= Patrick L. Brockett =

American business economist

Patrick L. Brockett holds the Gus Wortham Chair in Risk Management and Insurance at The University of Texas at Austin. He is a faculty member in the Information, Risk, and Operations Management, Finance, and Mathematics departments and serves as Director of the Risk Management and Insurance Program and the Center for Risk Management and Insurance. Additionally, he oversees the Minor/Certificate in Risk Management Program and is affiliated with the Division of Statistics & Scientific Computation at the university. His research focuses on statistics, probability, actuarial science, quantitative methods in business and social sciences, and risk and insurance. In recognition of his contributions, the American Risk and Insurance Association (ARIA) established the Patrick Brockett & Arnold Shapiro Actuarial Research Award, which is presented annually to the actuarial journal article that makes a significant contribution to the field of risk management and insurance research.

== Career ==
Patrick Lee Brockett earned a B.A. in mathematics from California State University, Long Beach, and completed his M.A. and Ph.D. in mathematics at the University of California, Irvine, in 1975. He began his academic career teaching mathematics at Tulane University (1975–1977) and later at the University of Texas at Austin (1977–1980). In 1980, he switched to the actuarial science program within the Finance Department at the University of Texas at Austin, where he eventually became program director.

In 1995, Brockett was appointed Director of the Risk Management and Insurance Program, relocating the program to the Department of Management Science and Information Systems, now the Department of Information, Risk, and Operations Management. Throughout his tenure, he also served as Director of the Center for Cybernetic Studies (1990–1996), the Center for Management of Operations and Logistics (1996–1999), and the Center for Risk Management and Insurance (1999–present).

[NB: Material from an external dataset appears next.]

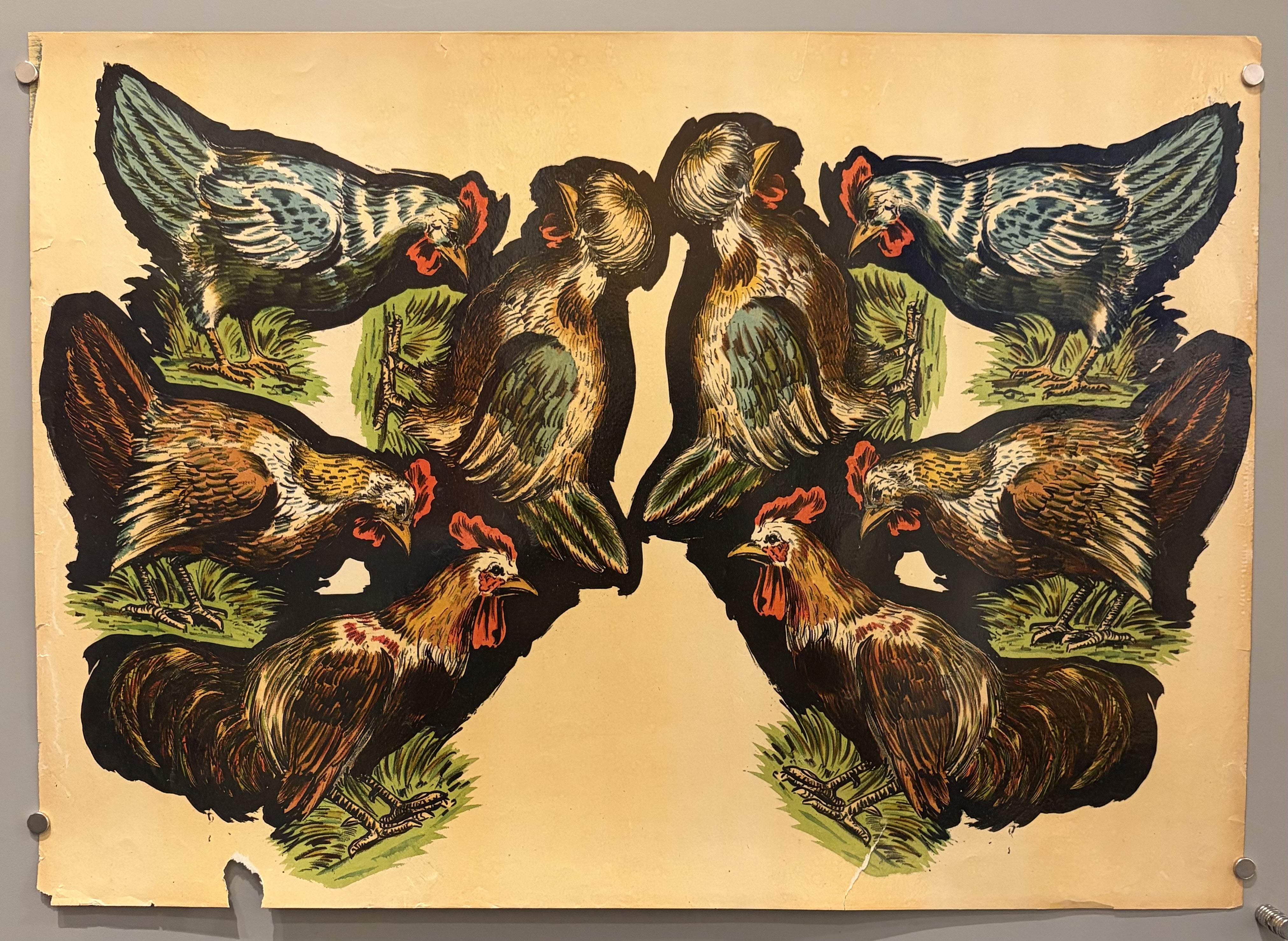 This turn-of-the-century print would have been cut out and folded in half to create a double-sided tableau of chickens and roosters.

Beyond his academic roles, Brockett contributed to the state of Texas as a board member of the Texas Property and Casualty Guaranty Association from 1999 to March 2020, addressing claims for insolvent insurance companies. He currently serves as Co-Editor of the North American Actuarial Journal after a tenure as Editor-in-Chief (2014–2023). He is also on the editorial board of the Journal of Risk and Financial Management and the board of directors of Incline National Insurance Company.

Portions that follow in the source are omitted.